4 Replies Latest reply on Aug 9, 2008 1:09 AM by traits

    Reduction kernel error

    traits

      I'm testing spmv sample in brook+. When I change NzWidth from 2 to 10, it's reporting "Failed to find usable kernel fragment to implement requested reduction". When the factor is 8, it's running correctly.

      I find this thread (http://forums.amd.com/forum/messageview.cfm?catid=328&threadid=96153&highlight_key=y&keyword1=reduction).

      Why?

        • Reduction kernel error
          josopait

          I get the same error with the following test program:

           

          reduce void sum( float4 a<>, reduce float4 b<> )
          {
              b += a;
          }


          int main()
          {
              float4 a<76>;
              float4 b;
              sum(a, b);

              return 0;
          }

           

          It only fails if the size of a is 76. With most other sizes that I have tried the error disappears.

           

            • Reduction kernel error
              lpw

               

              Originally posted by: josopaitIt only fails if the size of a is 76. With most other sizes that I have tried the error disappears.


              The prime factorization of 76 is 2*2*19.

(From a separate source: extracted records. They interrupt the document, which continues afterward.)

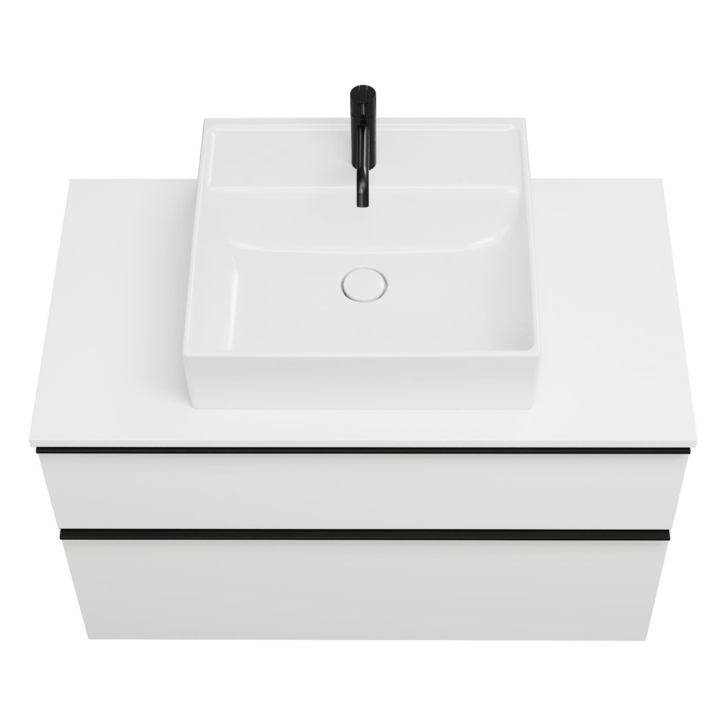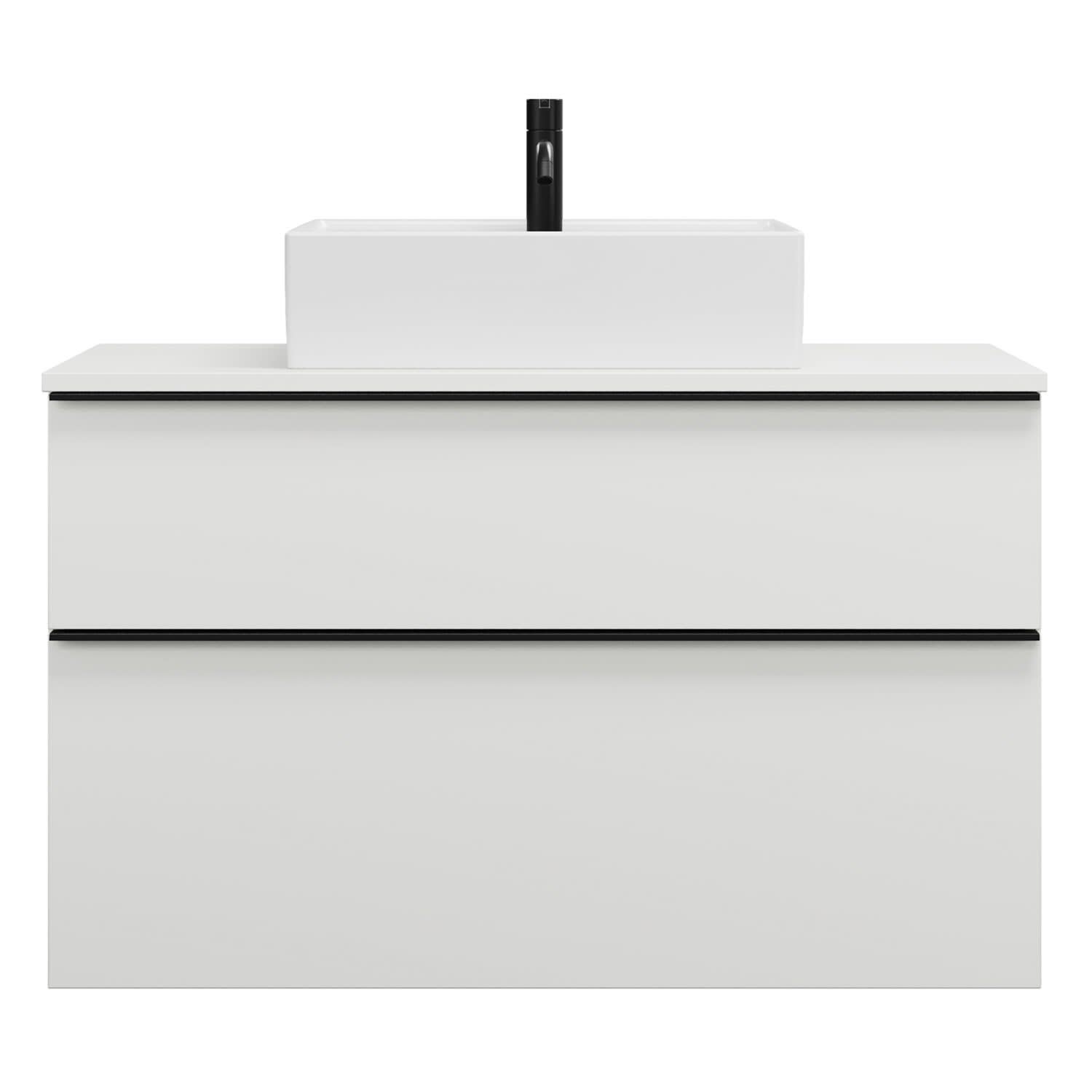 - 1 Schublade oben, 35 cm tief, mit Siphonausschnitt und Inneneinteilung
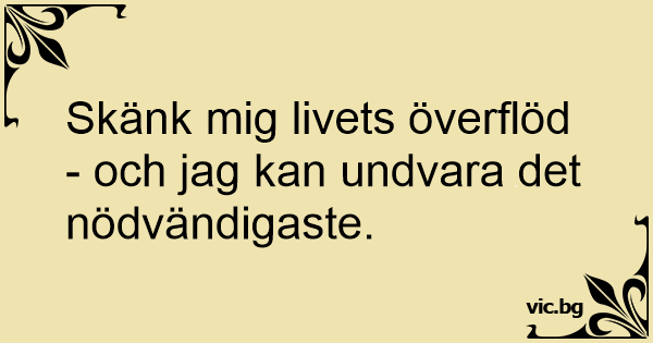 Skänk mig livets överflöd - och jag kan undvara det nödvändigaste.
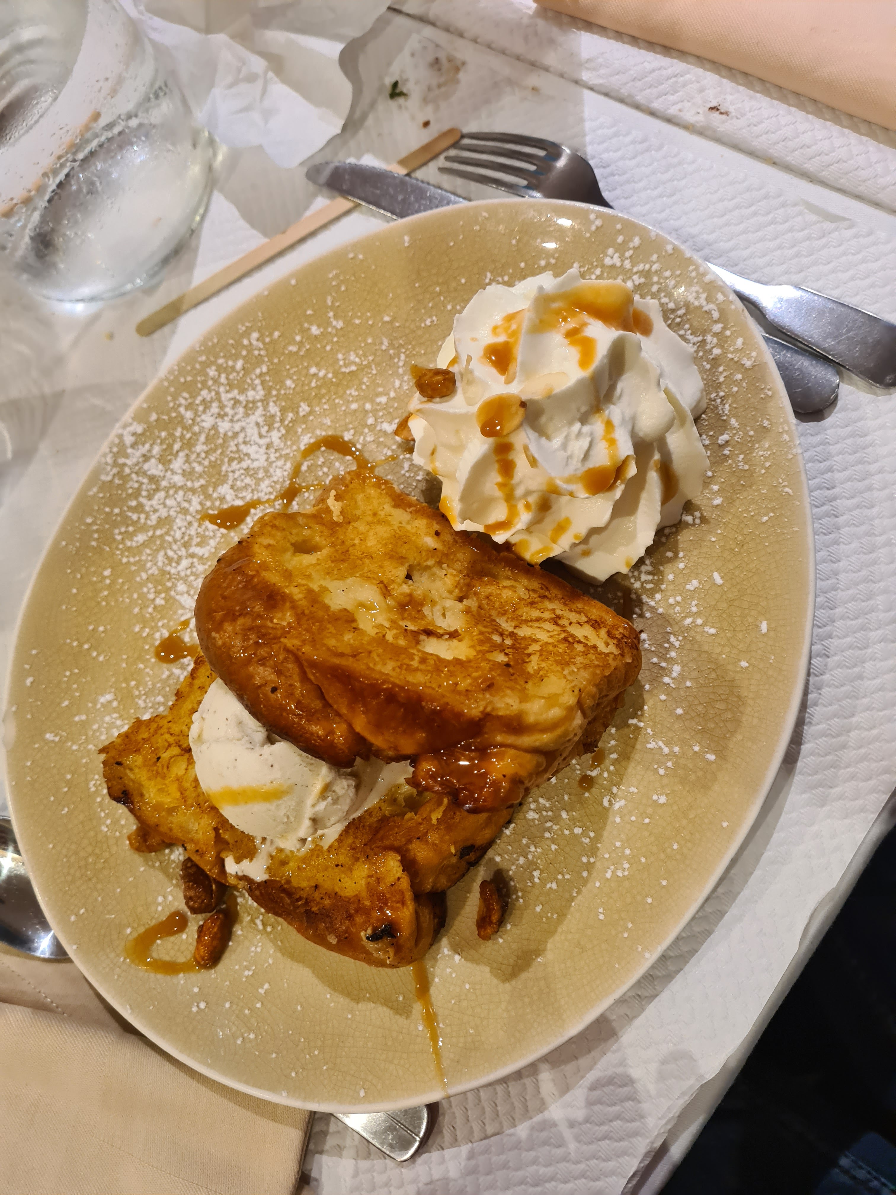 Dîner en famille très bien. Créme brûlée un peu froide au centre.
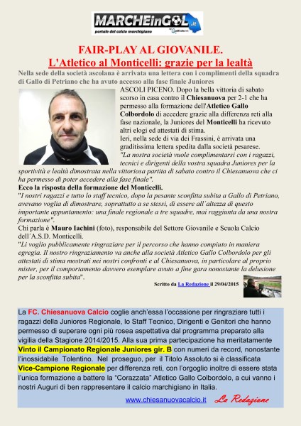 CU. 220 JUNIORES: Auguri all'Atletico Gallo Colbordolo

              19 is bad news (see post above).

            • Reduction kernel error
              lpw

               

              Originally posted by: traitsI find this thread (http://forums.amd.com/forum/messageview.cfm?catid=328&threadid=96153&highlight_key=y&keyword1=reduction).

               

              Why?

               

              As mentioned by udeepta in the above thread, the prime factorization of the stream size can have only 2, 3, 5 and 7 as factors.

              This is because a kernel can take up to 8 inputs. I suspect that Brook+ does reductions by recursively partitioning the input stream into up to 8 subdomains and, with each pass, attaching the subdomains as inputs to the reduction kernel (translated to IL). If at any pass the current input stream cannot be divided into 2, 3, 4, 5, 6, 7, or 8 parts Brook+ blows chunks.

                • Reduction kernel error
                  traits

                   

                  Originally posted by: lpw
                  Originally posted by: traitsI find this thread (http://forums.amd.com/forum/messageview.cfm?catid=328&threadid=96153&highlight_key=y&keyword1=reduction).

                   

                  Why?

                   

                  As mentioned by udeepta in the above thread, the prime factorization of the stream size can have only 2, 3, 5 and 7 as factors.

                  This is because a kernel can take up to 8 inputs. I suspect that Brook+ does reductions by recursively partitioning the input stream into up to 8 subdomains and, with each pass, attaching the subdomains as inputs to the reduction kernel (translated to IL). If at any pass the current input stream cannot be divided into 2, 3, 4, 5, 6, 7, or 8 parts Brook+ blows chunks.

                  why is it failed with 10? 10=2*5.